*** Block opens ***
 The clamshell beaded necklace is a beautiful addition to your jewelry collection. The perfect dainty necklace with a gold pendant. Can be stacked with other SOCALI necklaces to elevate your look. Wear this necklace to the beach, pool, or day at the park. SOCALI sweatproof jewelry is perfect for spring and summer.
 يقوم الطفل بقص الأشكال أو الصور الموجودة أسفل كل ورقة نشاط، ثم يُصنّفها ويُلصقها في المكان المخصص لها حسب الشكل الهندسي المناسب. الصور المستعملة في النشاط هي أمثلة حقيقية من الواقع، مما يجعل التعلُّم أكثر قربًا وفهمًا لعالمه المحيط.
*** Block closes ***
*** Block opens ***
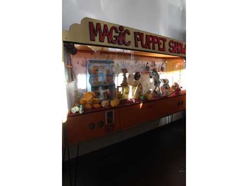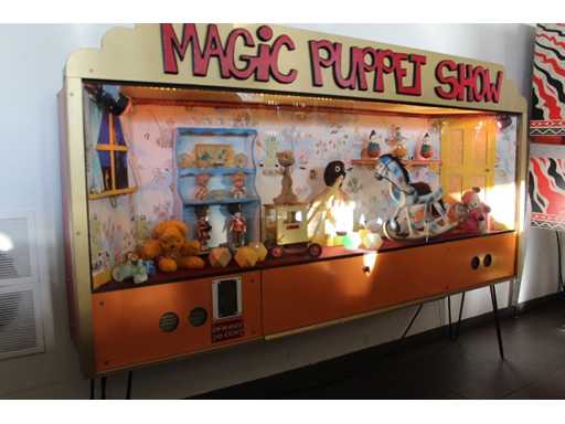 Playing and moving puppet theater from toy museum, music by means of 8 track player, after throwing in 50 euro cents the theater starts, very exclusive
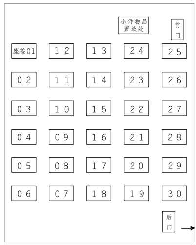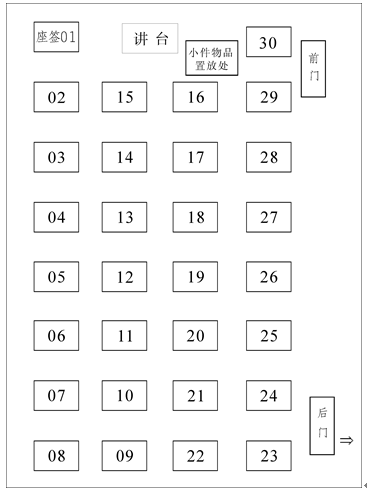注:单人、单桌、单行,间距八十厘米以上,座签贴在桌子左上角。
*** Block closes ***
▶ **Activity**
Give back the records above exactly, limited to the lines between the one holding "The clamshell beaded" and the one holding "يقوم الطفل بقص", inclusive.

▶ **Exercise output**
 The clamshell beaded necklace is a beautiful addition to your jewelry collection. The perfect dainty necklace with a gold pendant. Can be stacked with other SOCALI necklaces to elevate your look. Wear this necklace to the beach, pool, or day at the park. SOCALI sweatproof jewelry is perfect for spring and summer.
 يقوم الطفل بقص الأشكال أو الصور الموجودة أسفل كل ورقة نشاط، ثم يُصنّفها ويُلصقها في المكان المخصص لها حسب الشكل الهندسي المناسب. الصور المستعملة في النشاط هي أمثلة حقيقية من الواقع، مما يجعل التعلُّم أكثر قربًا وفهمًا لعالمه المحيط.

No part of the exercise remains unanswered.